En point d’orgue de ce beau voyage, voici Nouvel horizon, vol.II. Qui suit donc, l’auriez-vous deviné, le Nouvel horizon paru en 2018. Ce premier volume avait valu à notre septuagénaire un certain regain médiatique, grâce aux duos qui le composent en partie. Bernard Lavilliers, Florent Pagny, Kad Merad, Sanseverino, Tryo et Yves Jamait étaient en effet venus l’épauler pour de revigorantes reprises. Cette seconde partie est dès lors moins clinquante, sans aucun invité prestigieux pour appâter le chaland, mais pas moins passionnante pour autant.
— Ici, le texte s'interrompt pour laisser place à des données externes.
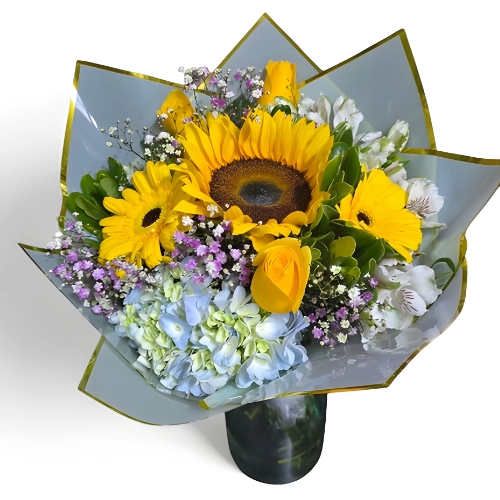 Un diseño vibrante que combina la energía de los girasoles y gerberas amarillas con la suavidad de las hortensias azules y acentos de astromelias. Es la combinación perfecta de frescura y color para iluminar cualquier habitación. ¡Haz tu pedido hoy y regala alegría!

Au programme, dix titres, tous écrits et composés par Bill Deraime. Un inédit qui ouvre l’album (Adieu vieux monde) et neuf reprises, revues et réarrangées. Les grands succès du chanteur étant aux abonnés absents (ils se trouvaient évidemment dans le volume 1), l’ensemble sonne comme un recueil de chansons neuves pour qui n’a pas une connaissance approfondie de son répertoire. Bien sûr, le blues s’y taille la part du lion, mais le reggae reste en embuscade. On préférerait parfois que cela transpire davantage, que cela sonne plus roots, que le son soit moins clean (l’envahissant saxo sur Un jour tu trouves, digne d’un tube des 80’s, bof bof…), mais broutille que tout cela, la voix éraillée du chanteur, unique et reconnaissable entre toutes, apporte un lot suffisant de poils qui se dressent que pour dissiper les petites réticences.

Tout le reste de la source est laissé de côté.